The installation will begin. Configure the installation with the following:

  • General type of mail configuration: Internet Site
  • System mail name: alpha-01.pd.griaule
  • Root and postmaster mail recipient: <linux-account-name>
  • Other destinations to accept mail for: localhost.$myhostname, localhost, $mydomainname
  • Force synchronous updates on mail queue?: No
  • Local networks: 127.0.0.0/8 [::ffff:127.0.0.0]/104 [::1]/128
  • Mailbox size limit: 0
  • Local address extension character: +
  • Internet protocols to use: all

Access the main.cf file at /etc/postfix/ and modify the following:

inet_interfaces = loopback-only
mydestination = localhost.$mydomain, localhost, $myhostname

Note

If needed, the main.cf file can be used to modify the configurations done in the installation process.
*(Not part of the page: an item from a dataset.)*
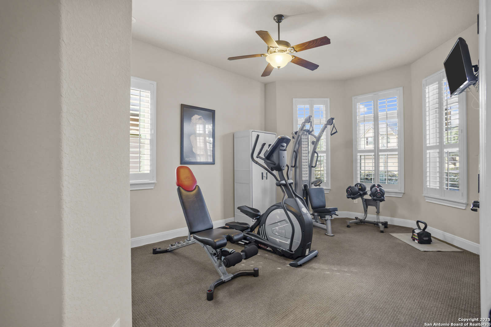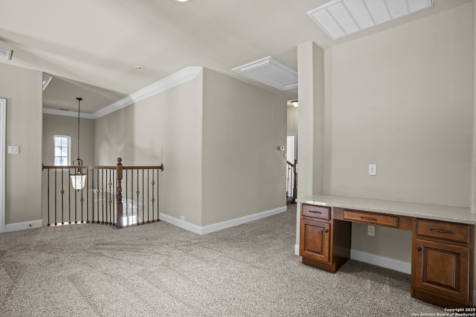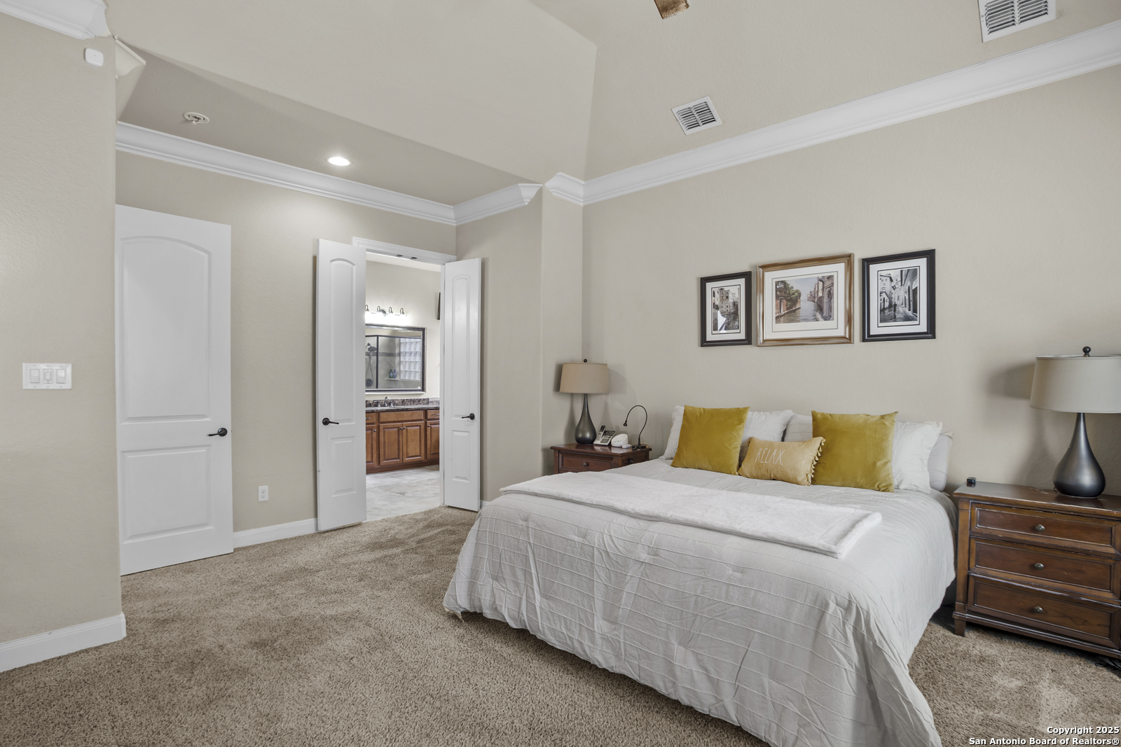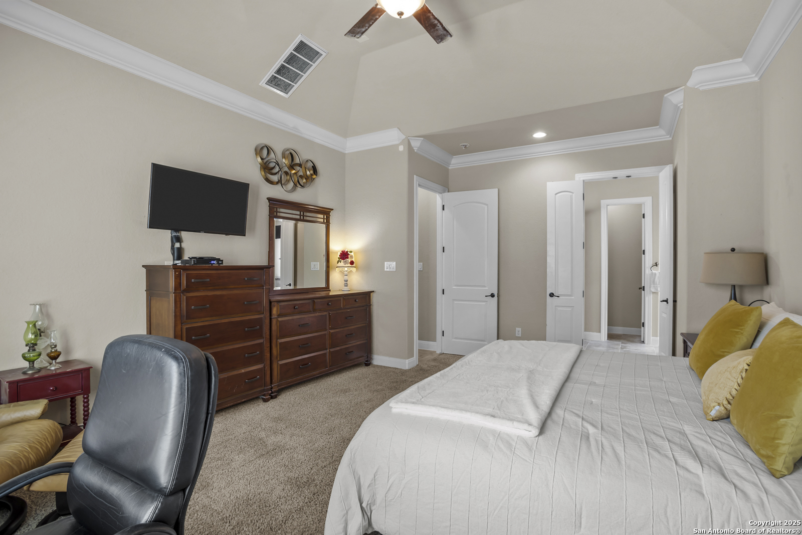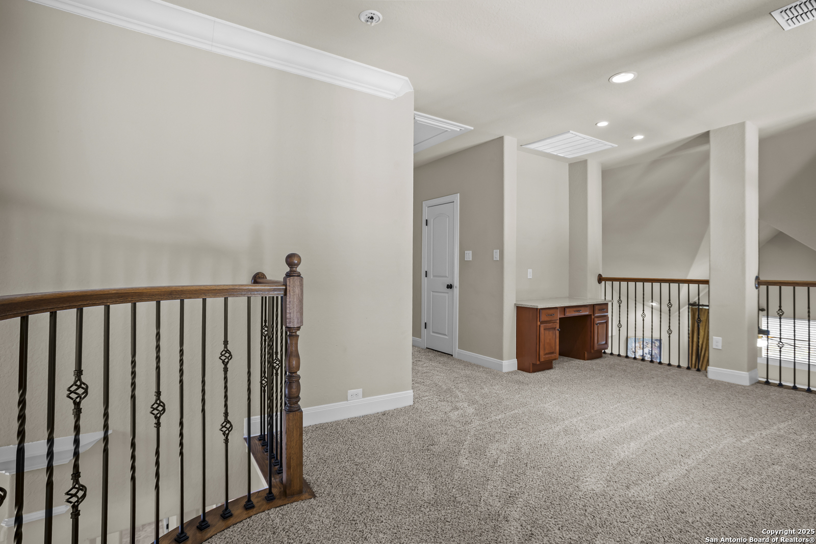 Welcome to this beautifully appointed home in the highly desirable Rogers Ranch community in San Antonio. This spacious 4-bedroom residence offers an ideal blend of comfort, style, and functionality with an open-concept layout, tall ceilings, and abundant natural light throughout. The gourmet kitchen serves as the heart of the home, featuring expansive granite countertops, custom cabinetry, stainless steel appliances, and an oversized island perfect for gathering and entertaining. The living room is anchored by a cozy fireplace and flows seamlessly into the dining area and outdoor living spaces. The primary suite is a private retreat with a large walk-in closet, double vanities, and a separate soaking tub and walk-in shower. A dedicated office on the main level plus a versatile upstairs loft provide flexible spaces for work, play, or relaxation. Outdoors, enjoy a covered patio complete with an outdoor fireplace and a full outdoor kitchen, creating the perfect setting for year-round hosting. Located within the sought-after Rogers Ranch community, residents enjoy access to amenities such as a sparkling pool, sports courts, walking paths, and a prime location near top-rated schools, shopping, dining, and major highways.

Enable postfix on the firewall, then restart the service. Install the mailutils package and enable port 80 on the firewall. Those can be done with:

sudo ufw allow Postfix
sudo systemctl restart postfix
sudo apt install mailutils
sudo ufw allow 80

Reconfigure postfix:

sudo dpkg-reconfigure postfix

1.3. TLS Self-signed key

To operate the service needs a self-signed certificated key. To create one and move it in the correct location run the following commands:

openssl genrsa -des3 -out server.key 2048
openssl rsa -in server.key -out server.key.insecure
mv server.key server.key.secure
mv server.key.insecure server.key
openssl req -new -key server.key -out server.csr
openssl x509 -req -days 365 -in server.csr -signkey server.key -out server.crt
sudo mv server.crt /etc/ssl/certs
sudo mv server.key /etc/ssl/private

Access the main.cf file at /etc/postfix/ and modify the following:

# TLS parameters
smtpd_tls_cert_file = /etc/ssl/certs/server.crt
smtpd_tls_key_file = /etc/ssl/private/server.key
smtpd_tls_security_level = may
smtpd_tls_loglevel = 1
smtpd_tls_received_header = yes
smtpd_tls_session_cache_database = btree:${data_directory}/smtpd_scache
smtpd_tls_ask_ccert = yes
#smtpd_tls_session_cache_timeout = 3600s

smtp_tls_CApath=/etc/ssl/certs
smtp_tls_security_level = may
smtp_tls_session_cache_database = btree:${data_directory}/smtp_scache
smtp_tls_mandatory_protocols=!SSLv2,!SSLv3
smtp_tls_protocols=!SSLv2,!SSLv3
smtp_tls_loglevel = 1
# Enable TLS
smtpd_tls_security_level = may
smtp_tls_note_starttls_offer = yes

Then, reload and restart postfix.

sudo systemctl reload postfix
sudo systemctl restart postfix

1.4. SPF and DKIM

For authentication to work, SPF and DKIM must be configured:

Warning

SPF and DKIM configurations should be made by the DNS account admin.

1.4.1. SPF

Include DNS TXT value on the DNS domain control panel.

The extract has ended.